Dates/times in bugzilla are coming from different sources (perl, DB), and can have different format, especially when we support different databases. E.g. Postgres is returning times including fractions of seconds, MySQL does not. This causes problems when doing date/time calculations and comparisons (see comments at bug 280500). We need to investigate and fix this, e.g. by introducing some formatting, changing the code to do all date/time operations on one place (preferably in SQL) or with some other solution.

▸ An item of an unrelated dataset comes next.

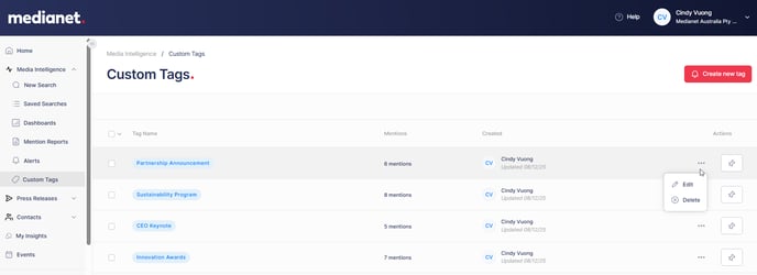 - Go to Custom Tags in the side navigation under Media Intelligence.
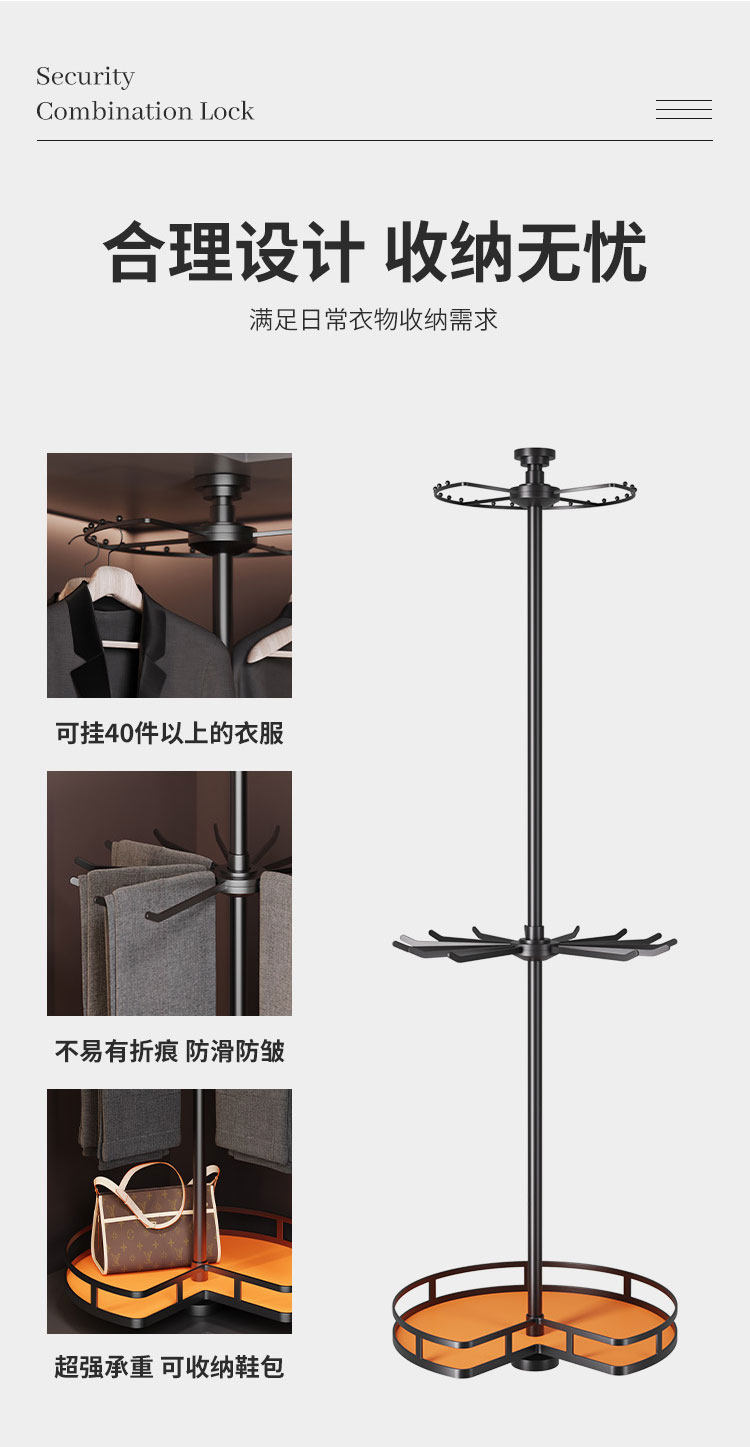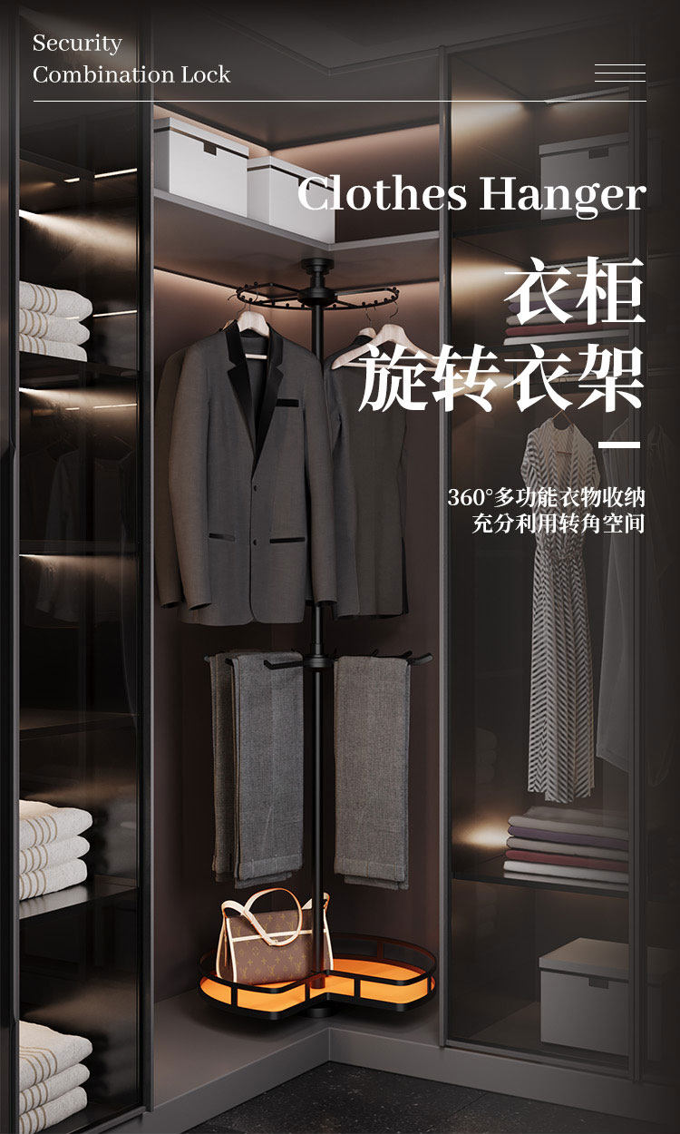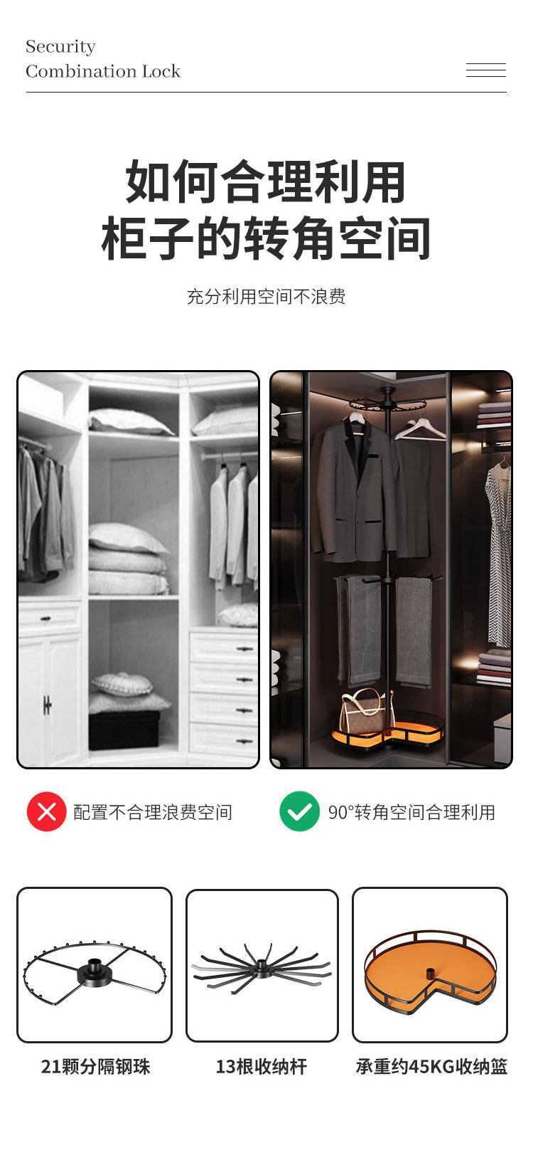 Corner Wardrobe Rotating Clothes Rack Trouser Rack 360-Degree Hanging Clothes Rack Cloakroom Corner Multi-Functional Pull-Out Basket Trouser Rack

(In reply to bug >>> One solution comes to my mind and that is swithing from native SQL dates to >>> something general. Someone suggested previously on some other Pg bug to >>> switch to strings (problems with sorting) or to integers. But that's >>> definitely a much bigger change... >> >> Yeah, we decided against it because we would lose indexes on date >> comparisons in the SQL, which could kill performance. > > I am afraid I don't uderstand. If you switch to integers (e.g. seconds since > epoch, unix format), you should be able to do comparisons as you wish, you > should be able to index etc. That makes it slightly more difficult to do timezones eventually, but that's not a huge issue... There might be some problem with switching to seconds globally, but I can't think of it right now. Can anybody think of why switching to seconds would cause any problems?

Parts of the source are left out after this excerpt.